Tuesday, March 16, 2010

Tuesday Watch

Evening Headlines

  • EU Lays Groundwork for Greek Lifeline to Shore Up Scarred Euro. European finance ministers laid the groundwork for a financial lifeline to debt-stricken Greece, breaking a taboo against aid to cash-strapped governments in order to avert a crisis for the euro. Officials from the 16 countries using the currency worked out a strategy for emergency loans in case Greece’s plan for 4.8 billion euros ($6.6 billion) in tax increases and wage cuts fails to stave off fiscal disaster. “We clarified the technical arrangements that would enable us to take coordinated action which could be swiftly put into place in the event it is necessary,” Luxembourg Prime Minister Jean-Claude Juncker told reporters late yesterday after leading a meeting of euro-area finance officials in Brussels. With the euro undergoing the harshest test in its 11-year history, the unprecedented pledge reflected concern that Greece’s budget woes could spread, poisoning investor confidence and aggravating the currency’s 10 percent decline against the dollar since November. The meetings continue at 9 a.m. today with all 27 EU finance ministers. Also on the agenda are proposals to clamp down on hedge funds and credit-default swaps.
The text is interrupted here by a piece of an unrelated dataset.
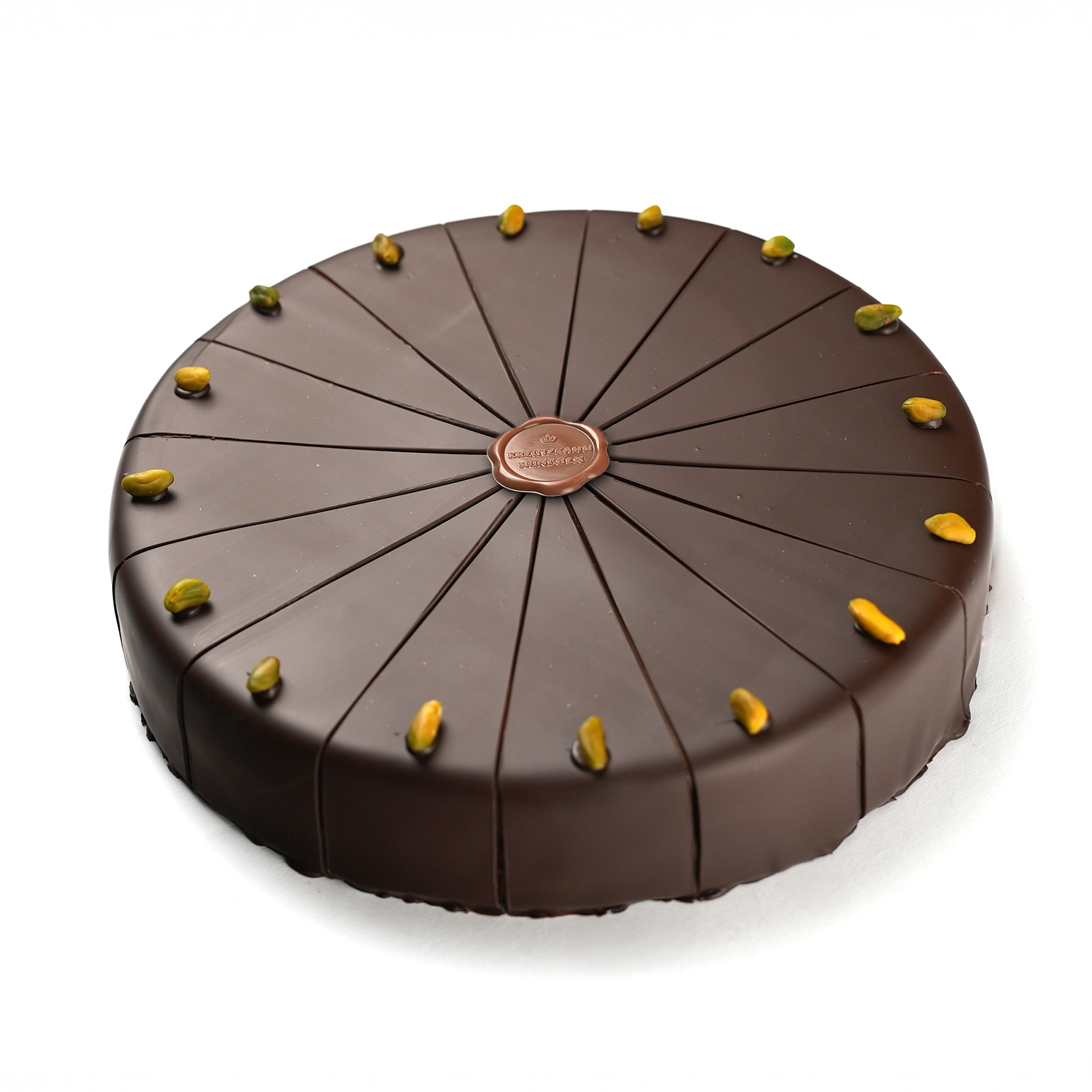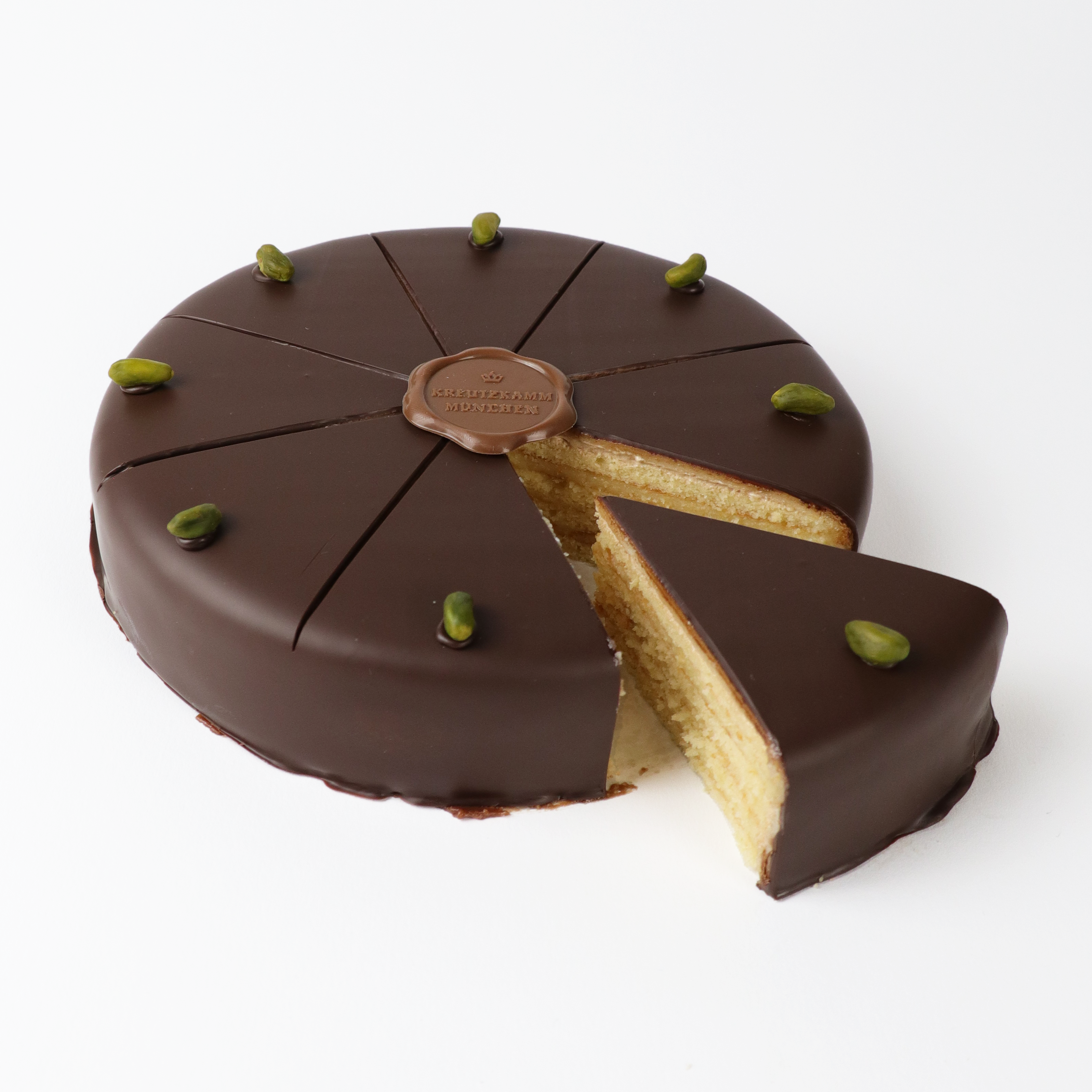 The Gentleman's-Cake is covered with dark chocolate couverture.

  • Dodd Eases Exclusion of Swaps Set to Be Cleared. Senator Christopher Dodd’s draft legislation to regulate the $605 trillion private swaps market makes it easier to exclude trades from being processed by clearinghouses, compared with his plan released in November. Dodd’s bill no longer requires federal regulators to agree that excluding a swap from being cleared “is necessary and appropriate for the reduction of systemic risk.” That stricter requirement was in the draft bill Dodd, a Democrat from Connecticut and chairman of the Senate Banking Committee, released in November.
  • Israel Will Build in All of Jerusalem, Netanyahu Says. Israeli Prime Minister Benjamin Netanyahu defended construction of Jewish neighborhoods in east Jerusalem, escalating a clash with the Obama administration that threatens to derail renewal of Middle East peace talks. “Over the past 40 years, no Israeli government has agreed to limit building in Jerusalem,” Netanyahu said today in a speech to Parliament, ticking off five sections of the city that were captured from Jordan in the 1967 war and now house tens of thousands of Israelis.
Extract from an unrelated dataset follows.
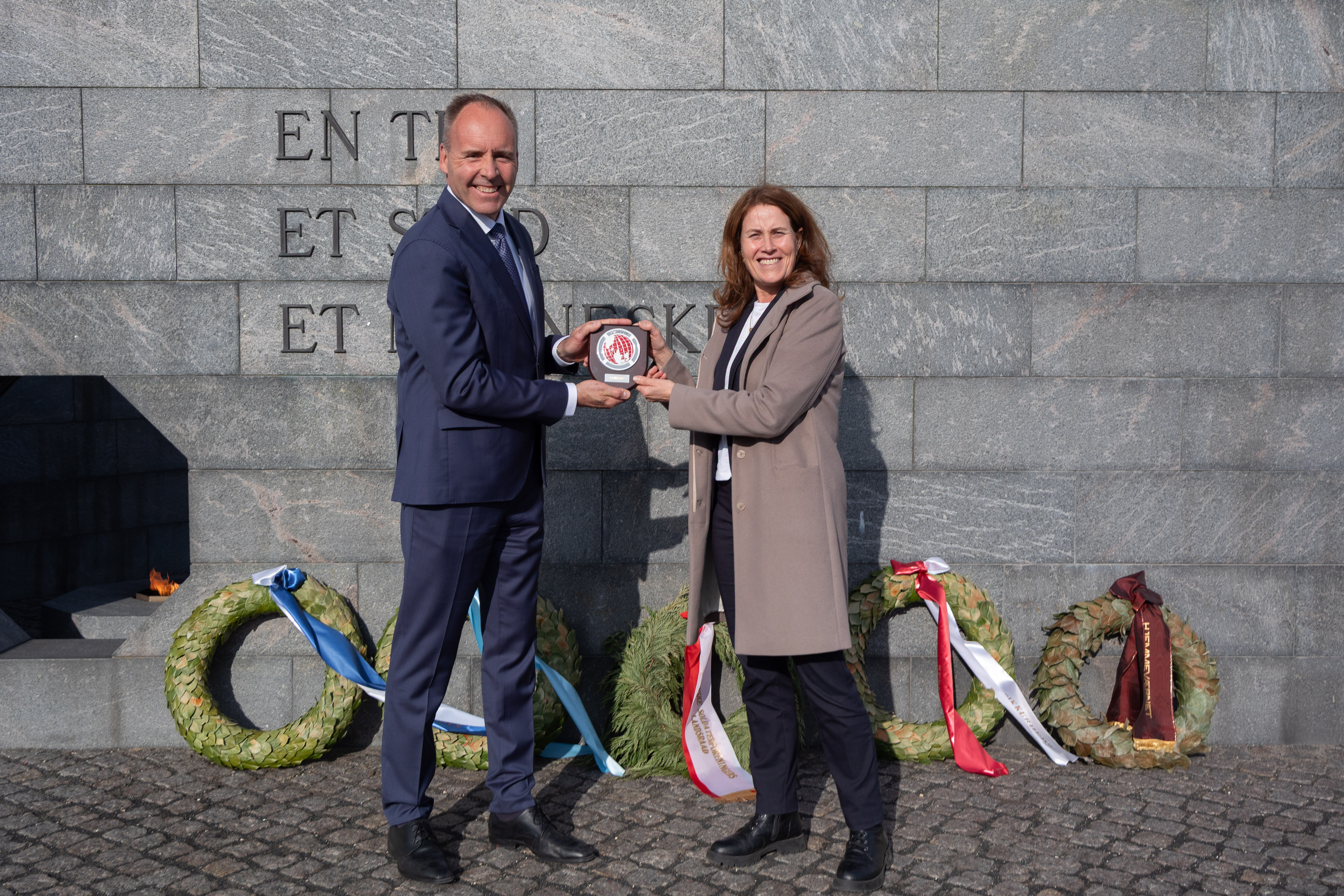 I går aftes, torsdag, modtog Henrik Winther, direktør for COWI i Danmark, InterForces skjold som symbol på aftalen.

  • Mexico Killings Point to Risks of U.S. Cooperation in Drug War. The killing of three people connected with the U.S. consulate in Ciudad Juarez over the weekend shows that U.S. cooperation in Mexico’s fight against drug cartels has made U.S. government employees targets of the traffickers, said a senior policy director of the Council of the Americas. U.S. diplomats may negotiate a greater presence for their own law enforcement officials in Mexico to protect government employees after the March 13 deaths, said Christopher Sabatini of the council. While it’s unclear whether the shootings imply a greater risk for U.S. civilians, the violence does put another dent in Mexico’s tourism industry, he said.
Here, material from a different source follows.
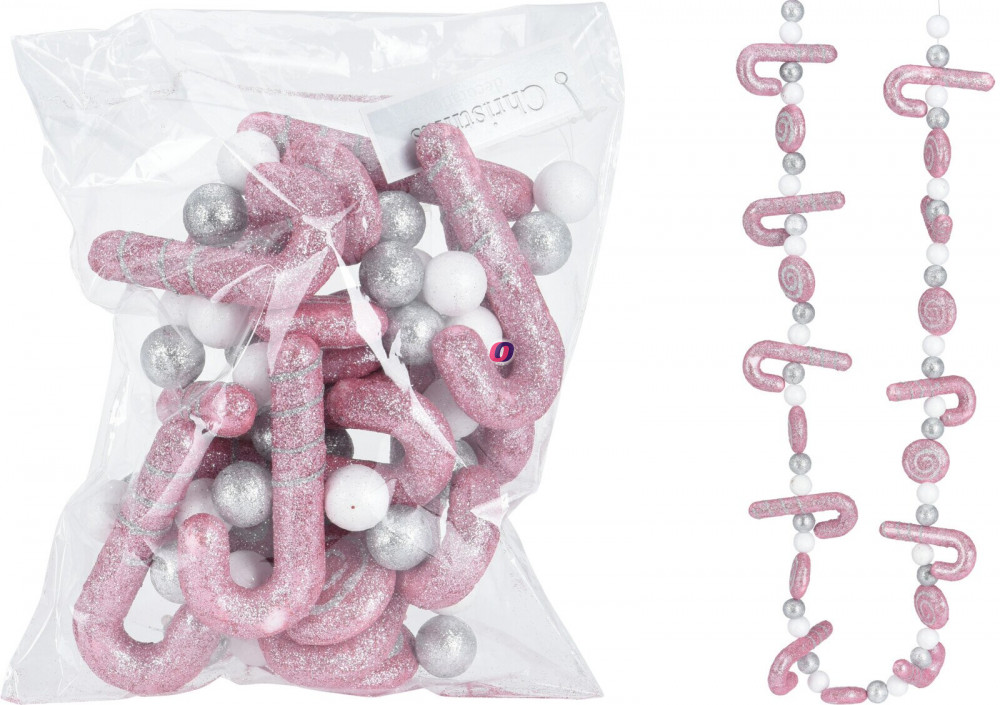 Karácsonyi girland Candy cane 1,4 m pink

  • Brokers Press Regulators to End Big Banks' Dominance in Swaps. MF Global Holdings Ltd.(MF), Hexagon Securities LLC and at least 19 other financial firms are pressing regulators to force swaps clearinghouses to lower entry barriers in order to improve competition in a $605 trillion derivatives market dominated by the world’s biggest banks. Brokers formed an association last month that hired a Washington-based law firm to pursue the issue with lawmakers and regulators, said Mike Hisler, a partner at New York-based Hexagon. They also seek tougher conflict-of-interest laws to ensure that a bank’s derivatives desk doesn’t influence clearinghouse decisions that could shut out new competitors.
  • Rio Olympics at Risk From Oil Bill, Committee Says. A proposed cut in Rio de Janeiro’s share of Brazil’s oil royalties will leave the state unable to carry out infrastructure projects tied to the 2016 Olympics, the president of Rio’s organizing committee said in a statement. Brazil’s Lower House approved a bill March 10 that would give cities and states that don’t produce oil a bigger stake of the revenue from crude production. Oil-rich states such as Rio de Janeiro and Espirito Santo would receive lower royalties. The measure now goes to the Senate for a committee vote.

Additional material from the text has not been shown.